The Crustaceans have nearly all of them claws, formidably hooked and toothed, which they employ as pincers, both in offensive and defensive war. They have been compared to the heavily-armed knights of the middle ages—at once audacious and cruel; barbed in steel from head to foot, with visor and corslet, arm-pieces and thigh-pieces—nothing, in fact, is wanting to complete the resemblance.

These marine marauders live on the sea-coast, among the rocks, and near the shore. Some few of them frequent the deep waters, others hide themselves in the sand or under stones, while the common crab (Carcinus mœnas, Leach) loves the shore almost as much as the salt water, and establishes itself accordingly under some moist cliff overhanging the sea, where it can enjoy both.

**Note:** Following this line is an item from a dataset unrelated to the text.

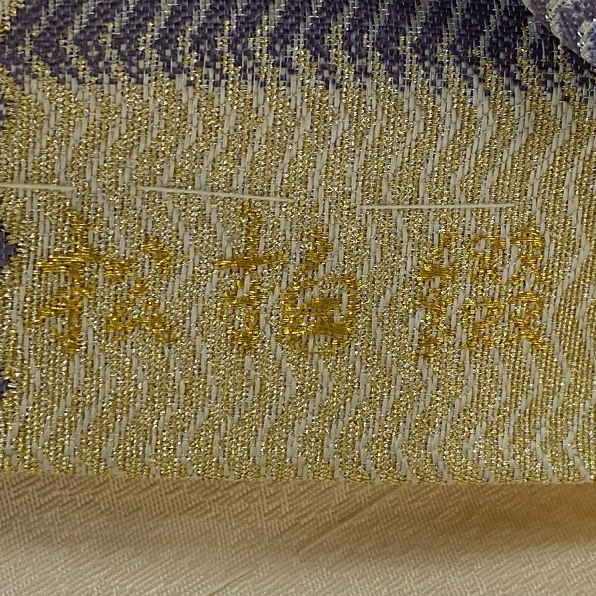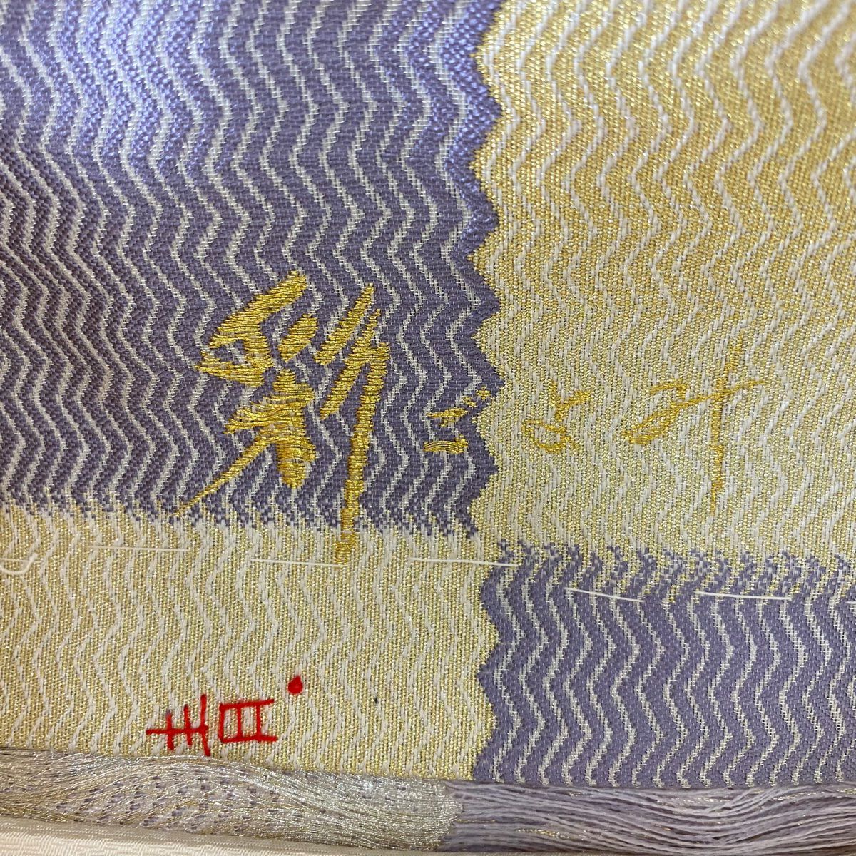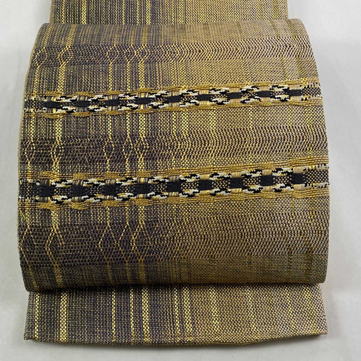 【在庫一掃】 【美品】 袋帯 秀品 横縞 金糸 灰紫 六通 正絹

One of the necessary consequences of the condition of these animals, enclosed in a hard shell, is their power of throwing it off. The solidity of their calcareous carapace would effectually prevent their growth, but at certain determinate periods Nature despoils the warrior of his cuirass; the creature moults, and the calcareous crust falls off, and leaves it with a thin, pale, and delicate tunic. In this state the Crustacean is no longer worthy of its name—its skin has become as vulnerable as that of the softest mollusc; but it has the instinct of weakness—it retires into lonely places, and hides its shame in some obscure crevice, until another vestment, more suitable for resistance, and adapted to its increased size, has been restored.

The Crustacean has not a vertebral column. The covering of the Crustacean consists of a great number of distinct pieces, connected together by means of portions of the epidermis which have not yet become hardened, in the same way as the bones in the skeleton of the vertebrata are connected by cartilages, the ossification of which only takes place in old age. The covering of the Crustacean consists of a series of rings varying in number, the normal number of the body-segments being twenty-one. Each ring is divisible into two arcs—one upper, or dorsal, the other lower, or ventral; and each arc may present four elementary pieces, two of which are united in the mesial line from the tergum, or back; the lower arc is a counterpart of this, while the others form the two side, or epimeral, pieces. The skin, therefore, performs the functions of a skeleton, so that the Crustaceans, as was said by Geoffroy Saint Hilaire, like the molluscs, live inside and not outside the bony column. The analogue of the Crustacea amongst vertebrata is to be found amongst Sturgeonidæ, whose hard, immovable bony case encloses a softer skeleton; agreeing in its characters with that of the higher divisions of vertebrata, although not possessing the solidity of bone.

The Crustaceans vary greatly in colour; some are of a dark, iron-grey, with a dash of steel-blue, like metal weapons forged for combat; a few of them are red, or reddish-brown; others are of an earthy yellow, or of a livid blue.

"The integument," according to Milne Edwards, "consists of a corium, or true skin, and epidermis, with a pigmentary matter, which colours the latter. The corium is a thick, spongy, and vascular membrane, connected with the serous substance which lines the parietal walls of the cavities, as the serous membrane lines the internal cavities among the vertebrata." This pigment is less a membrane than an amorphous matter diffused through the outer layer of the superficial membrane, which changes to red in the greater number of species in alcohol, ether, acids, and water at 212° Fahr.